Ombre might mean “shaded” in French, but we think this aesthetic of blending of colors translates into “effortlessly cool” in just about any language.
You’ve seen it just about everywhere: on walls and wedding cakes, delicately painted on nails and carefully infused into dyed hair. Indeed, the gradual fading from one color or tone to another, known as ombré, has been one of the longest-running design trends that we’ve seen — so much so that we’d even argue that it’s ready to move from the realm of short-term crazes into the world of timeless classics. But where did ombré come from, and why has it become so popular in the past few years?
The term ombré, accent and all, comes from French, where it means “shaded”; the French word itself goes back to the Latin word for shade, umbra. But you could say that the transition between colors and tones that ombré is known for has always existed: it’s found just about everywhere in nature, from rainbows to sunsets, bodies of water to flowers and plants.

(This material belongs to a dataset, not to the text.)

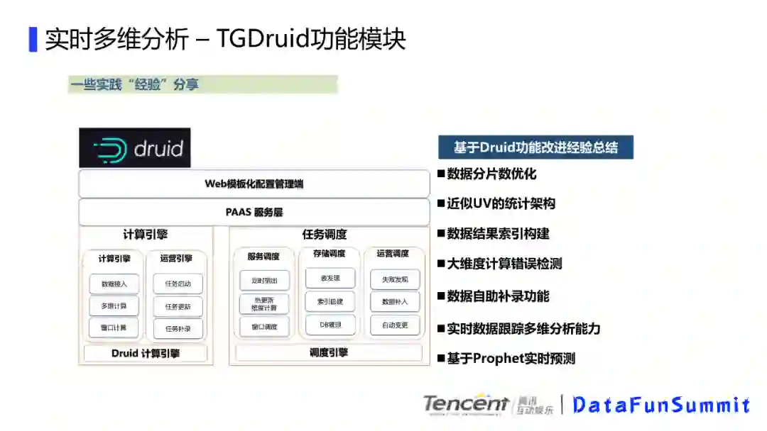 我们主要还是基于开源的那套来做,改造不是特别多,我们主要是在配置化上下功夫,不需要开发,简单的配置就可以实现实时多维计算,通过web配置可以直接启动任务的etl和调度任务,保证数据的快速接入。目前我们的接入一般在5分钟内完成,就是说,如果你需要看某个感兴趣的用户包,只需要再我们的web端配置下就好了。我们的计算引擎提供了很多服务,数据接入,任务启动更新补录等,我们的调度引擎,支持表发现,自助的维度创建,窗口调整,自动失败发现,数据补入等功能。这里有些经验和大家分享,一个是druid的数据分片的优化,我们有些数据比如天累积的用的是天分区,固定窗口的计算用的是小时分区,根据场景来调配,整体的资源消耗会有一些降低。主要是druid 的分区间的交换是有时间缓冲的,会导致时间缓冲内的内存消耗是翻倍的。我们有大维度计算错误检查,这里主要是有些数据接入的时候,如果配置错了,把对象当成了维度,数据就发散的特别厉害,这样会很容易造成OOM,这块我们接入的时候添加数据探测,这种情况会做一个提示。还有数据补录,实时计算一般是有时间窗口的,比如我们10分钟后到的数据会被舍弃,数据的晚到会导致数据统计不正确,我们提供了自助补录,可以把web下发任务重跑。以及后面的基于Prophet的实时预测,主要是基于当前实时数据,预测当天结束时间点的数据,给运营提供参考。

Yet it wasn’t until the 1800s that this use of gradual shading from one hue to another became increasingly popular. Textiles with colors that shifted from light to dark started to be produced in the mid-1800s, often by dyeing threads with graded colors that could be made by soaking different threads in indigo, for example, for different amounts of time to achieve a range of shades of blue. And thanks to the Industrial Revolution and the development of methods for the mass-production of textiles during the 19th century, the pattern spread across the globe, appearing in textiles, accessories, embroidery, wallpaper, and more.
Fast forward more than a century and ombré faded (no pun intended!) somewhat in the background in the art and design worlds. Cue the 1970s, with the emergence of digital art and artists who incorporated boldly graphic, seamless color gradients. By this point, ombré was employed in various directions: linear, radial, and axial color transitions, and they were digitally created rather than manually. And by the 1990s, color gradients became a popular way to add color and depth to designs, especially ones generated on computers (looking at you, Photoshop!).
But the contemporary ombré revolution really came, you could say, when the famed late singer Aaliyah dyed her hair in a subtle, gradual fade from black at the roots to a deep auburn at the tips — what style experts noted was both eye-catching and easy to maintain. Since then, the fading of from one color to another has spread from textiles and hair to nails, furniture, food, and of course, floors.
We’ve launched a collection of ombré rugs crafted in Bhadohi, India out of a mix of wool from Sardinia and India on a cotton foundation. Woven in a super tight pile, they’re the perfect addition to just about any space. Use one to tie together different tones in a color palette or to add depth, texture, and visual interest to a monochromatic space that might otherwise be lacking. Unlike most ombré rugs, ours have a gradient which runs vertically instead of horizontally, adding an extra dose of visual interest.
We love the flexibility of these rugs because of the way they combine multiple colors or tones in a single piece that can range from moody and subdued (like our Dawn colorway, which fades from mauve-ish taupe to pale pink) to bold and fiery (take a look at the reds and oranges of our Noon rug). And because of their graphic nature, they can have a big impact, even in small doses!